WORK REQUIRED: Your output should be the lines below from the one holding "Wealthbox is a" through the one holding "Set of 3 Aluminium", transcribed exactly, with no pictures.

*** Opening of TASK INPUT ***

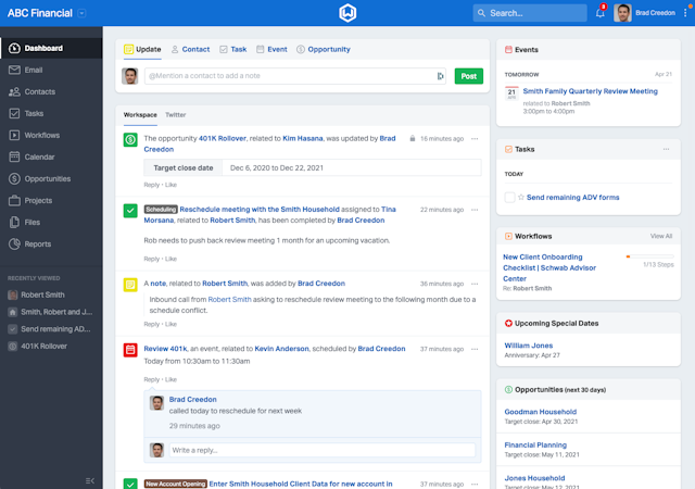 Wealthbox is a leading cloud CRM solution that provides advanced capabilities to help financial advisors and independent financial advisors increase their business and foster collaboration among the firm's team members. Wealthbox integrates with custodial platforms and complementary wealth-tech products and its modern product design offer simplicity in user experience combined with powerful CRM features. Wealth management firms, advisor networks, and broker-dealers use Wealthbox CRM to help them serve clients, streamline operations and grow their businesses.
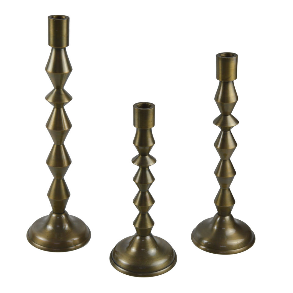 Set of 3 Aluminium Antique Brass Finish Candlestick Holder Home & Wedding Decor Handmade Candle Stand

*** Close of TASK INPUT ***
*** Opening of TASK INPUT ***

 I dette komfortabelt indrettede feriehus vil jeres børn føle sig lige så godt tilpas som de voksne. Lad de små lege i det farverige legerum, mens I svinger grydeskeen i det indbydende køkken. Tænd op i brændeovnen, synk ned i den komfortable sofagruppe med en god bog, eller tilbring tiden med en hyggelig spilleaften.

*** Close of TASK INPUT ***

ANSWER AREA:
 Wealthbox is a leading cloud CRM solution that provides advanced capabilities to help financial advisors and independent financial advisors increase their business and foster collaboration among the firm's team members. Wealthbox integrates with custodial platforms and complementary wealth-tech products and its modern product design offer simplicity in user experience combined with powerful CRM features. Wealth management firms, advisor networks, and broker-dealers use Wealthbox CRM to help them serve clients, streamline operations and grow their businesses.
 Set of 3 Aluminium Antique Brass Finish Candlestick Holder Home & Wedding Decor Handmade Candle Stand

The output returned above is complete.